Speaker of the House Nancy Pelosi on Thursday rejected the suggestion that she "hates" President Donald Trump, and said that her Catholic faith prevents her from hating anyone. 

"I don't hate anybody. I was raised in a Catholic house, we don't hate anybody-not anybody in the world," said Pelosi. She had been asked by a journalist during her weekly press briefing if she "hates President Trump."

Pelosi had earlier announced the House Democrats would begin drafting the articles of impeachment. 

"As a Catholic I resent you using the word 'hate' in a sentence that addresses me," a visibly angered Pelosi said, pointed her finger at the journalist. She went on to claim that she prays for Trump "all the time." 

"So don't mess with me when it comes to words like that," she added. The Speaker said that any disagreement with Trump was rooted in policy, not in who he was as a person. 

Pelosi has in the past encouraged people to pray for President Trump. In October, Pelosi said that people should pray for the president's health after she abruptly left a meeting with the President. In September, Pelosi said that she prays for the Trump family "all the time," and that she "wish(es) that he would pray for the safety of other families and do something courageous on guns." 

On Twitter, Trump said that he did not believe Pelosi prays for him, "not even close," and that Pelosi had suffered a "nervous fit" during her briefing. 

"She hates that we will soon have 182 great new judges and sooo much more," said Trump. "Help the homeless in your district Nancy," he added. 

Pelosi has repeatedly cited her Catholic faith in the political realm, and used it to justify her positions, especially her long-standing support for abortion. Pelosi's statements have occasioned significant pushback from members of the Catholic hierarchy at different times. 

In 2008, in her second year as Speaker of the House, Pelosi stated on an August 24 episode of "Meet the Press" that "as an ardent, practicing Catholic, [abortion] is an issue that I have studied for a long time.
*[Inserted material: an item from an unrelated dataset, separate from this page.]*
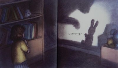 Then dashing in fright from her room the child runs straight into the waiting arms of her mother. “A monster ate Bunny!” she sobs.
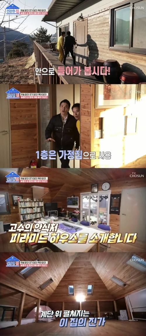 1층은 가족들이 함께 사용하는 가정집으로 쓰고 있으며, 계단을 통해 올라가면 천장이 나무 목재 소재로 피라미드 모양을 보여 이국적인 느낌을 물씬 풍기게 했습니다. 이상인 밀양에서 농사도 짓고, 현재 마케팅 회사 운영하는 사업가라며 근황을 전했습니다.

And what I know is, over the centuries, the doctors of the church have not been able to make that definition," and that her faith "shouldn't have an impact on a woman's right to choose." 

At least 22 bishops released statements correcting Pelosi on this statement, and clarified the Church's teachings on abortion. 

"While in canon law these theories led to a distinction in penalties between very early and later abortions, the Church's moral teaching never justified or permitted abortion at any stage of development," said a statement published Aug. 25, 2008 by Cardinal Justin Rigali and then- Bishop William Lori. 

At the time, Rigali was the chair of the USCCB's pro-life activities committee, and Lori led the USCCB Committee on Doctrine. Lori is now the Archbishop of Baltimore and Rigali retired in 2011. 

In June 2013, Pelosi opposed a bill that would ban abortion after 20 weeks gestation and said that the bill was an effort to ensure that "there will be no abortion in our country."

"As a practicing and respectful Catholic, this is sacred ground to me when we talk about this," she said at the time. "I don't think it should have anything to do with politics."